◆ **Exercise aim**
Below, locate the line that contains "位置だし・墨付けを担当して、大工育成塾の寺島君が木材の加工を担当しました。". Repeat exactly from that line to the line that contains "আজাদ হোসেন আওলাদ", inclusive, leaving out the pictures.

◆ **Record excerpts**
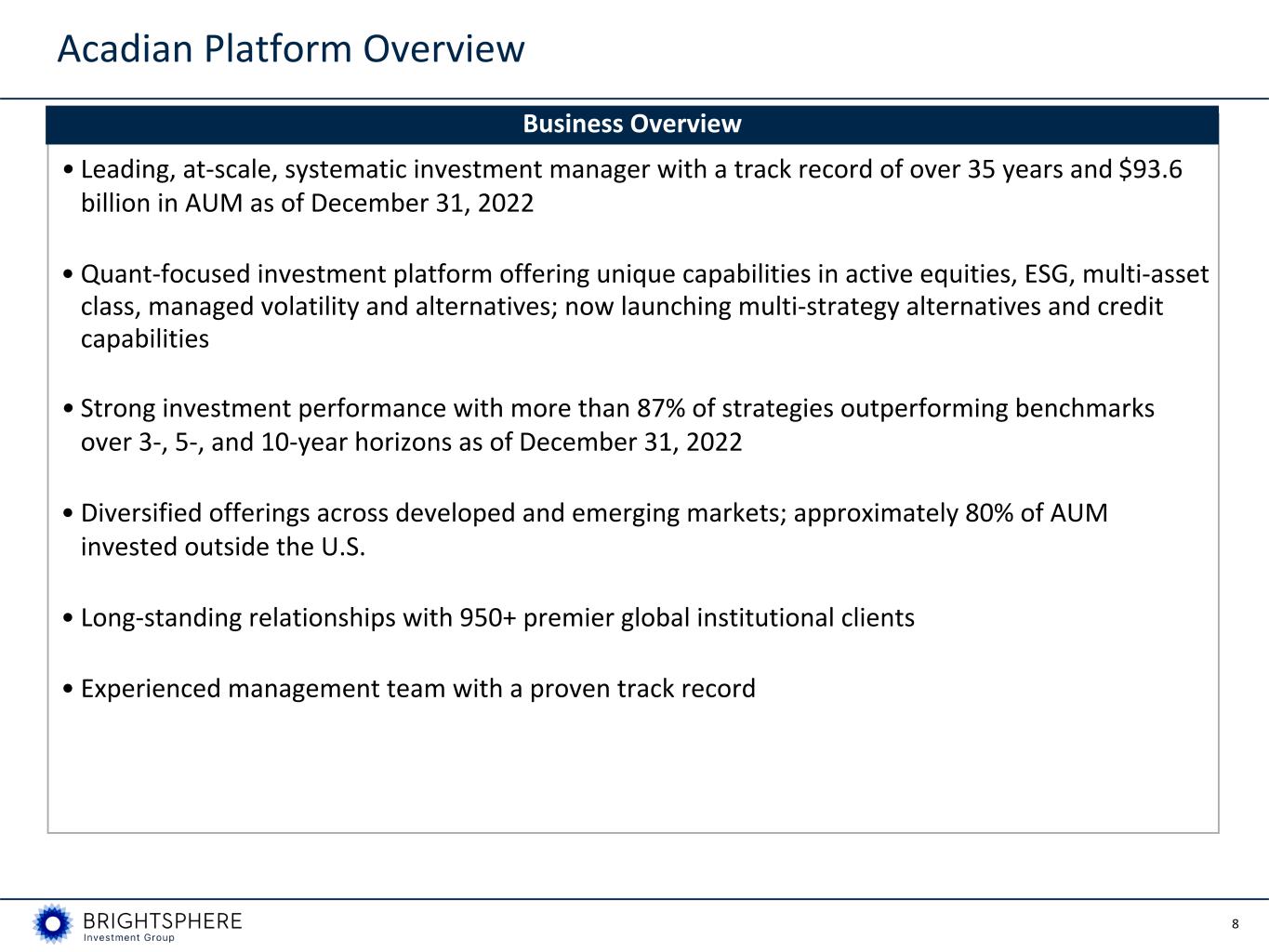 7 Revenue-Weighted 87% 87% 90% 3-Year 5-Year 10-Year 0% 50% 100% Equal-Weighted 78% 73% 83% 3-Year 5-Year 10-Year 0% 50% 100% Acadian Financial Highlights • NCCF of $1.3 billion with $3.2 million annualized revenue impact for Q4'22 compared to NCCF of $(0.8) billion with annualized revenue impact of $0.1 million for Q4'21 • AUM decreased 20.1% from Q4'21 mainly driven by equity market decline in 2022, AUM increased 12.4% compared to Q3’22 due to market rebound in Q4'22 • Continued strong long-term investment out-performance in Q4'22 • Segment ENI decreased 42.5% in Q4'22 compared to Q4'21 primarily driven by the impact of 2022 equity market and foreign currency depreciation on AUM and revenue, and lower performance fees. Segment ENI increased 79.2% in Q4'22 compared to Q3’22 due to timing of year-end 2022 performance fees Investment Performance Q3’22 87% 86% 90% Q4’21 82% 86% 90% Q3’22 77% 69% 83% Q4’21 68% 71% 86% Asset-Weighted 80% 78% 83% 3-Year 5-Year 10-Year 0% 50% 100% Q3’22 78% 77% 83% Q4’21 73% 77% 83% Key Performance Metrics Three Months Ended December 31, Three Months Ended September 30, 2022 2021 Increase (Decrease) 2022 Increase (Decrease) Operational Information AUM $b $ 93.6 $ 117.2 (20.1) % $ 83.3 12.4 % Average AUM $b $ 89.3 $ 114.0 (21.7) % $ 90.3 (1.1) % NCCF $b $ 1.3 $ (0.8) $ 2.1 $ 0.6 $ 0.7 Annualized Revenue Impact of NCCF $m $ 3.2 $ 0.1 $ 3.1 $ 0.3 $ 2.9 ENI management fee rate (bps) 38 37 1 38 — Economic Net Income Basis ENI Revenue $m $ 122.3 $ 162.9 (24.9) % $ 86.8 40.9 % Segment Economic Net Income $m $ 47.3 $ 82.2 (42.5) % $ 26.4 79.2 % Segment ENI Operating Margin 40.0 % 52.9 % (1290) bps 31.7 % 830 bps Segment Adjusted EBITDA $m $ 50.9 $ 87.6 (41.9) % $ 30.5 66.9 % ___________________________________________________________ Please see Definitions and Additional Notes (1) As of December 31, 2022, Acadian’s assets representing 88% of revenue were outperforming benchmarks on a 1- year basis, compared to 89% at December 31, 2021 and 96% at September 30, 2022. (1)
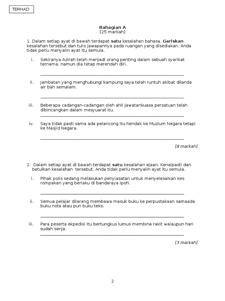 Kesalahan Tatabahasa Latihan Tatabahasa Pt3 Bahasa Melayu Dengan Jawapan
--
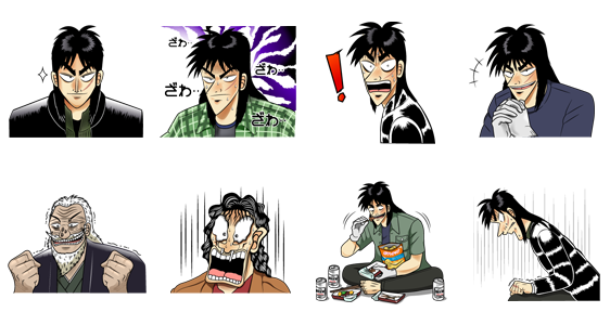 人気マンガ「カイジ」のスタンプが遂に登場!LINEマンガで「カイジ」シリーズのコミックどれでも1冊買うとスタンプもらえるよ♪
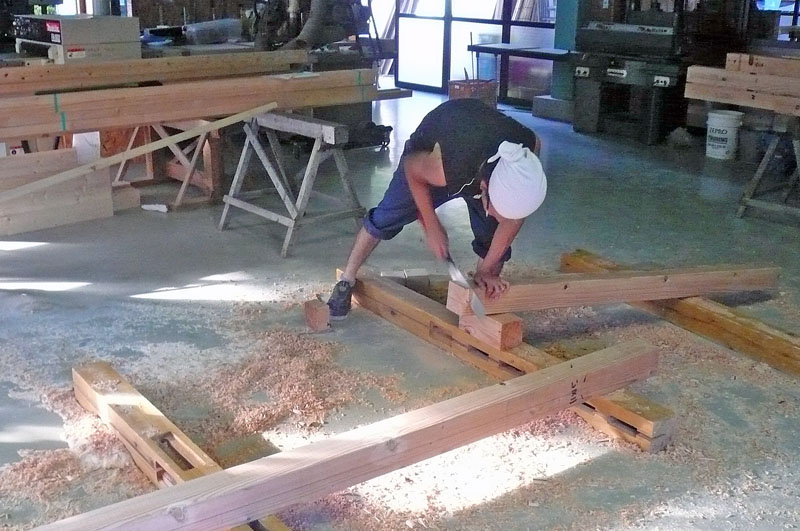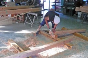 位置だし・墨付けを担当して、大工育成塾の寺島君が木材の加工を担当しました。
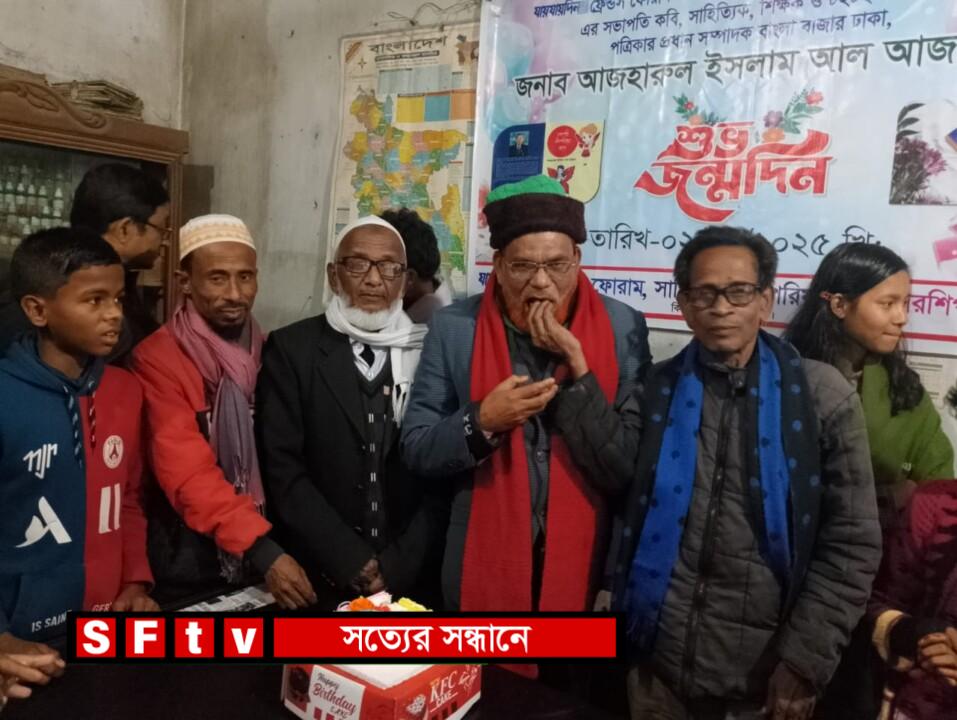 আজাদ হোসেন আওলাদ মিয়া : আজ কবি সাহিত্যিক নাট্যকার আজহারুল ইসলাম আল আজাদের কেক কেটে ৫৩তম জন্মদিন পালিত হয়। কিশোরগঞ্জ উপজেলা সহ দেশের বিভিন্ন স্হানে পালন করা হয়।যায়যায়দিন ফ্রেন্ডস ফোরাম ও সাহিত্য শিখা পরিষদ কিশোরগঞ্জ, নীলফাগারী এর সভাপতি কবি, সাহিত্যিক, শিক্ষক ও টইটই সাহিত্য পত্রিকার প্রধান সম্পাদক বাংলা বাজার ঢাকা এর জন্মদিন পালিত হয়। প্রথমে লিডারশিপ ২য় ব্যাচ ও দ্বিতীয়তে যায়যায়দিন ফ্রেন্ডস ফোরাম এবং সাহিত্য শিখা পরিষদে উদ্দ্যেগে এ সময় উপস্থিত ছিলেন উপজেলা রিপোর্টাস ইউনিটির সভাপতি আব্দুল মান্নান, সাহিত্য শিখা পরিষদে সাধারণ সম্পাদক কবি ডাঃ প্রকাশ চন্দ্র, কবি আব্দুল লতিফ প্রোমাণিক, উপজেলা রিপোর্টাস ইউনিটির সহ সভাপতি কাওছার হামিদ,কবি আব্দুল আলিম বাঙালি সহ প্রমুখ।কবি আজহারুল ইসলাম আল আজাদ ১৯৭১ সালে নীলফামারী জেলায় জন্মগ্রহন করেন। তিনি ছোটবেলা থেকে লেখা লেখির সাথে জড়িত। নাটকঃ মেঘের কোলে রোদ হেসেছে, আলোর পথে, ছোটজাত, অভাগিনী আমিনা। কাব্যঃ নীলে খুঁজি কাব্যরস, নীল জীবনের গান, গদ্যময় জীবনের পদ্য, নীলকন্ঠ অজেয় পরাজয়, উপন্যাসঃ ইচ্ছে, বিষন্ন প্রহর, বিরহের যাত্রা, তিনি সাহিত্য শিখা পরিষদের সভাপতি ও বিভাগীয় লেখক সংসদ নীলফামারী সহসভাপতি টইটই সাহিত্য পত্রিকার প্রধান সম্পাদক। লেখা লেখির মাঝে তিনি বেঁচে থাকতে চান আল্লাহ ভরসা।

◆ **Solution below**
 位置だし・墨付けを担当して、大工育成塾の寺島君が木材の加工を担当しました。
 আজাদ হোসেন আওলাদ মিয়া : আজ কবি সাহিত্যিক নাট্যকার আজহারুল ইসলাম আল আজাদের কেক কেটে ৫৩তম জন্মদিন পালিত হয়। কিশোরগঞ্জ উপজেলা সহ দেশের বিভিন্ন স্হানে পালন করা হয়।যায়যায়দিন ফ্রেন্ডস ফোরাম ও সাহিত্য শিখা পরিষদ কিশোরগঞ্জ, নীলফাগারী এর সভাপতি কবি, সাহিত্যিক, শিক্ষক ও টইটই সাহিত্য পত্রিকার প্রধান সম্পাদক বাংলা বাজার ঢাকা এর জন্মদিন পালিত হয়। প্রথমে লিডারশিপ ২য় ব্যাচ ও দ্বিতীয়তে যায়যায়দিন ফ্রেন্ডস ফোরাম এবং সাহিত্য শিখা পরিষদে উদ্দ্যেগে এ সময় উপস্থিত ছিলেন উপজেলা রিপোর্টাস ইউনিটির সভাপতি আব্দুল মান্নান, সাহিত্য শিখা পরিষদে সাধারণ সম্পাদক কবি ডাঃ প্রকাশ চন্দ্র, কবি আব্দুল লতিফ প্রোমাণিক, উপজেলা রিপোর্টাস ইউনিটির সহ সভাপতি কাওছার হামিদ,কবি আব্দুল আলিম বাঙালি সহ প্রমুখ।কবি আজহারুল ইসলাম আল আজাদ ১৯৭১ সালে নীলফামারী জেলায় জন্মগ্রহন করেন। তিনি ছোটবেলা থেকে লেখা লেখির সাথে জড়িত। নাটকঃ মেঘের কোলে রোদ হেসেছে, আলোর পথে, ছোটজাত, অভাগিনী আমিনা। কাব্যঃ নীলে খুঁজি কাব্যরস, নীল জীবনের গান, গদ্যময় জীবনের পদ্য, নীলকন্ঠ অজেয় পরাজয়, উপন্যাসঃ ইচ্ছে, বিষন্ন প্রহর, বিরহের যাত্রা, তিনি সাহিত্য শিখা পরিষদের সভাপতি ও বিভাগীয় লেখক সংসদ নীলফামারী সহসভাপতি টইটই সাহিত্য পত্রিকার প্রধান সম্পাদক। লেখা লেখির মাঝে তিনি বেঁচে থাকতে চান আল্লাহ ভরসা।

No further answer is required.